#### [Task directions]
Starting at the top of the records below, write out each line exactly as it stands, stopping after the line with "Durchführung von demenzsensiblen"; exclude the pictures.
+-------+
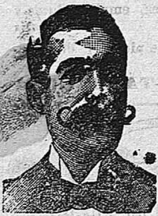
A. Salvati Costadai Diputación, 435, Barcelona

Calle de la Unión, número 38.—TARRAGONA Variado y económico surtido de gorras y sombreros de todas clases 38, Unión, 38
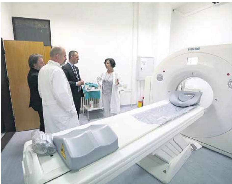
Uređaj u Virovitici olakšat će posao liječnicima, a pacijentima omogućiti bolju uslugu

HVALEVRIJEDNA INICIJATIVA VIROVITIČKO-PODRAVSKE ŽUPANIJE I DOMA ZDRAVLJA
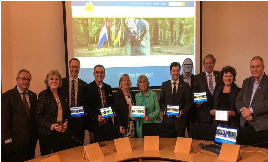
Nederlandse (o.a Heerde en Midden Delfland) en Duitse leden Cittaslow

In verband met de geografische spreiding en de exclusiviteit was het uitgangspunt van het Nederlandse Cittaslow netwerk dat één gemeente per provincie kon toetreden. Nadat een redelijke spreiding was bereikt is in 2015 besloten om deze beperking van één gemeente per provincie los te laten. Meer gemeenten (tot 50.000 inwoners) per provincie kunnen nu lid zijn van het Nederlandse Cittaslow netwerk.
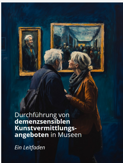
Durchführung von demenzsensiblen Kunstvermittlungsangeboten in Museen

„Erinnerungs_reich – Museen als Medizin für Menschen mit Demenz“: Die Besuche bieten hohen Nutzen bei geringen Kosten. Gemeinsam mit Kunstvermittlern aus sächsischen Museen entwickelte die TU Dresden in dem Projekt einen Leitfaden für Museumsbesuche von Menschen mit Demenz. Die kostenlose Handreichung unterstützt Einrichtungen dabei, Teilhabe an Kultur zu fördern. Hier finden Sie weitere Informationen und den Leitfaden .
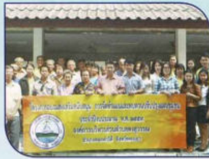
โครงการจัดทำแผนและทบทวน ปรับปรุงแผนชุมชน
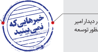
خبرهایی که نمی‌بینید
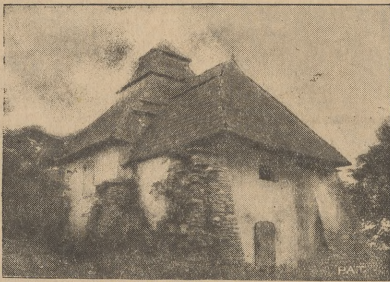
Cerkiewka w Czesnikach, koło Rohatyna, która dawniej była zborem arjańskim. Jest to interesujący typ budownictwa późnego renesansu. Charakterystyczna sylweta gontowego dachu posiada jednak wybitny związek z miejscową tradycją artystyczną. Cerkiewka ta została niedawno odnowiona.
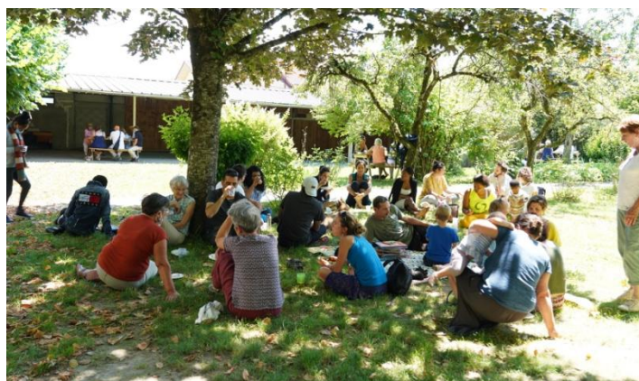
••• Une journée bénévoles en 2020 au Jardin de Bon Rencontre
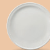
PLATO PASTEL 20 cm (7 7/8") Código 38519
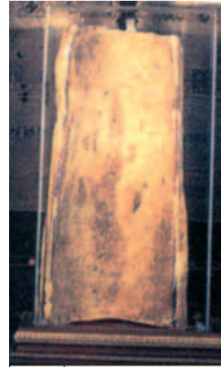
Bình dầu nơi Phép lạ Offida xảy ra
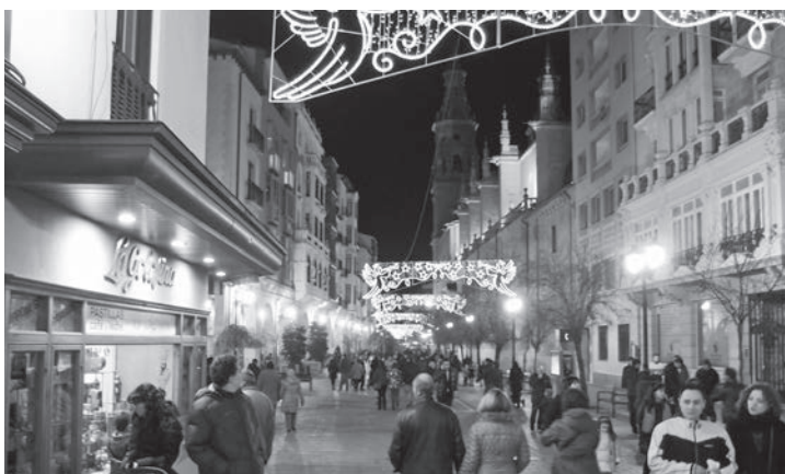
Los comerciantes de Logroño han mostrado su apoyo a la celebración de iniciativas de promoción comercial.

Logroño es Navidad. Así reza el eslogan de la campaña promovida por el Ayuntamiento de Logroño y la Cámara de Comercio para dinamizar el comercio y la vida ciudadana desde el 21 de diciembre hasta el 5 de enero. Un amplio programa de actividades (sorteos de premios en metálico, actuaciones callejeras, chocolatadas solidarias, música, talleres y el tren de la Navidad, entre otros) que promovieron la participación de unas 67.000 personas. Y otras muchas iniciativas en las que han participado numerosos colectivos y asociaciones de la ciudad para llenar de color y vida las calles de Logroño.
+-------+
#### [Task result]
A. Salvati Costadai Diputación, 435, Barcelona

Calle de la Unión, número 38.—TARRAGONA Variado y económico surtido de gorras y sombreros de todas clases 38, Unión, 38
Uređaj u Virovitici olakšat će posao liječnicima, a pacijentima omogućiti bolju uslugu

HVALEVRIJEDNA INICIJATIVA VIROVITIČKO-PODRAVSKE ŽUPANIJE I DOMA ZDRAVLJA
Nederlandse (o.a Heerde en Midden Delfland) en Duitse leden Cittaslow

In verband met de geografische spreiding en de exclusiviteit was het uitgangspunt van het Nederlandse Cittaslow netwerk dat één gemeente per provincie kon toetreden. Nadat een redelijke spreiding was bereikt is in 2015 besloten om deze beperking van één gemeente per provincie los te laten. Meer gemeenten (tot 50.000 inwoners) per provincie kunnen nu lid zijn van het Nederlandse Cittaslow netwerk.
Durchführung von demenzsensiblen Kunstvermittlungsangeboten in Museen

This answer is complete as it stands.